__What the exercise asks__. Reproduce the entire listing exactly as written, apart from its pictures.

##### Data excerpt

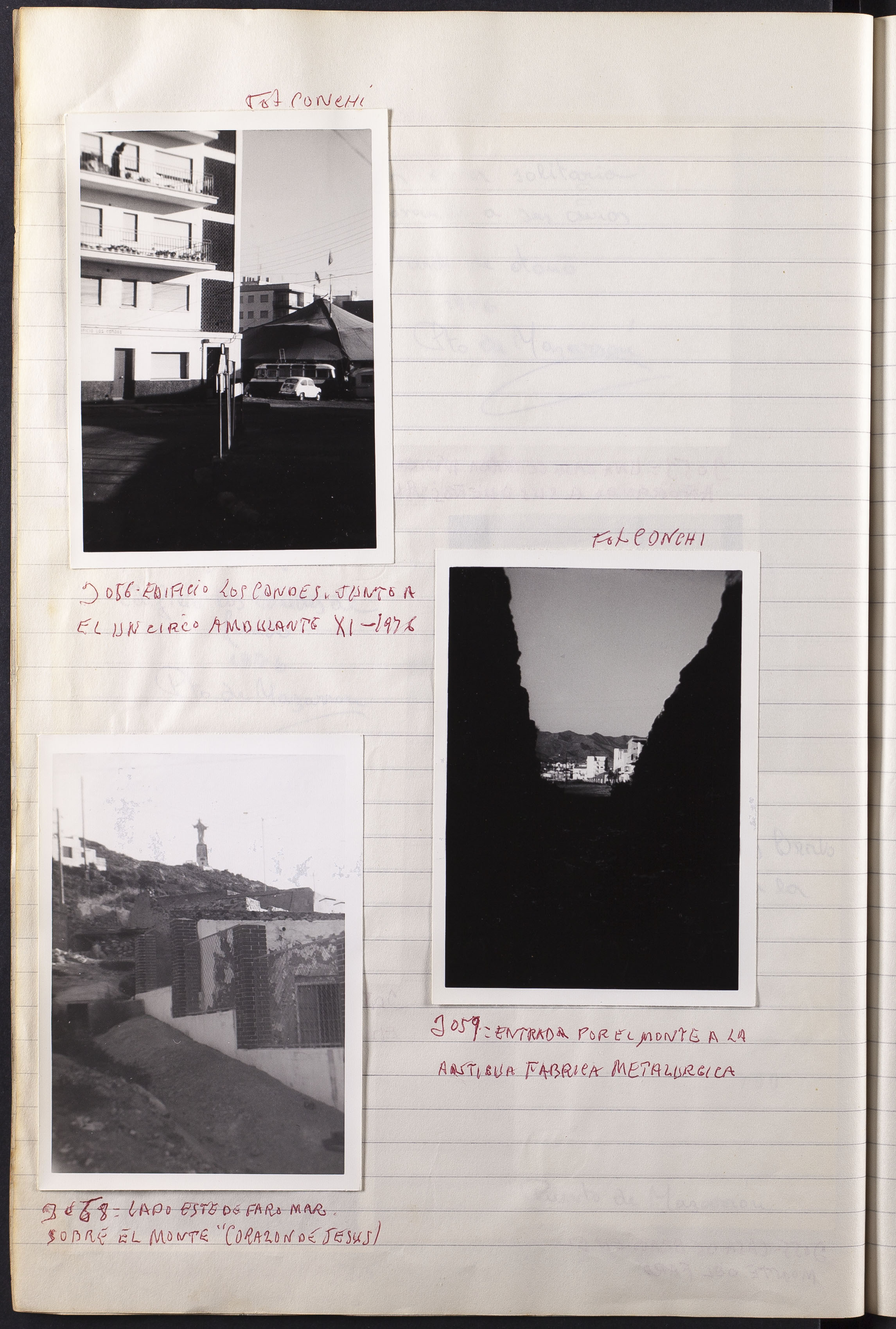 Papel con información manuscrita a bolígrafo tamaño 22 x31 cm. Incluye fotografías monocromas en diferentes tamaños que se especifican en el Alcance y contenido.
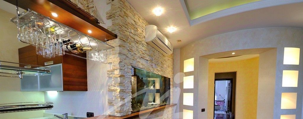 В гостиной установлен встроенный аквариум, придающий уют квартире, обслуживание которого входит в стоимость.
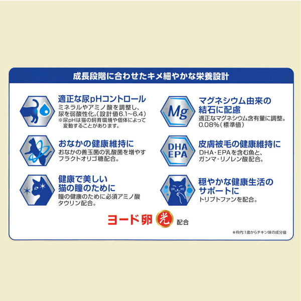 マグネシウムとカルシウムの適正バランス、尿pHのコントロール、高い消化吸収性など、最新の臨床栄養学の成果をフルに盛り込んで、それぞれの成長段階に最もふさわしい栄養設計をしています。ライフステージに加え、猫の飼育環境などにもキメ細やかに対応します。

##########

__Final answer__.
 Papel con información manuscrita a bolígrafo tamaño 22 x31 cm. Incluye fotografías monocromas en diferentes tamaños que se especifican en el Alcance y contenido.
 В гостиной установлен встроенный аквариум, придающий уют квартире, обслуживание которого входит в стоимость.
 マグネシウムとカルシウムの適正バランス、尿pHのコントロール、高い消化吸収性など、最新の臨床栄養学の成果をフルに盛り込んで、それぞれの成長段階に最もふさわしい栄養設計をしています。ライフステージに加え、猫の飼育環境などにもキメ細やかに対応します。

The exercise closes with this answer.